The following steps are taken to represent bi-allelic variants in our data structures.
After genotype calling by GATK, check if there are any locations with 2 alternate alleles called across all cells.
# Example where C1-C4 represent different cells; C1: T/T, C2: T/C, C3: C/C, C4: T/A
# REF ALT C1 C2 C3 C4 # T C,A 0/0 0/1 1/1 0/2
If a variant has 2 alternate alleles, a new line will be created for each alternate.
# REF ALT C1 C2 C3 C4 # T C 0/0 0/1 1/1 ./0 # T A 0/0 ./0 ./. 0/1
The INFO for the new genotype won't be split.

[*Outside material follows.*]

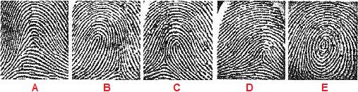 B impronta con ansa a sinistra C impronta con ansa a destra D impronta ad arco triangolare E impronta a figura chiusa con forma circolare, ellittica o a spirale |

The DP will be the same as the original value for both created variants.
The following steps are taken to represent multi-allelic variants in our data structures.
After genotype calling by GATK, check if any cell has a 1/2 genotype, see Cell 5 in example below.
# Example where C1-C6 represent different cells; C1: T/T, C2: T/C, C3: C/C, C4: T/A, C5: C/A, C6: A/A
# REF ALT C1 C2 C3 C4 C5 C6 # T C,A 0/0 0/1 1/1 0/2 1/2 2/2
If a cell has a 1/2 genotype, a new line will be created with a new genotype.
# REF ALT C1 C2 C3 C4 C5 C6 # T C 0/0 0/1 1/1 ./0 ./1 ./. # T A 0/0 ./0 ./. 0/1 ./1 1/1 # * C+A ./. ./. ./. ./. 0/1 ./.
The INFO for the new genotype won't be split. The DP will be the same as the original value for all created variants. For multi-allelic variants the reference is listed as '*' as it is not present in these cells.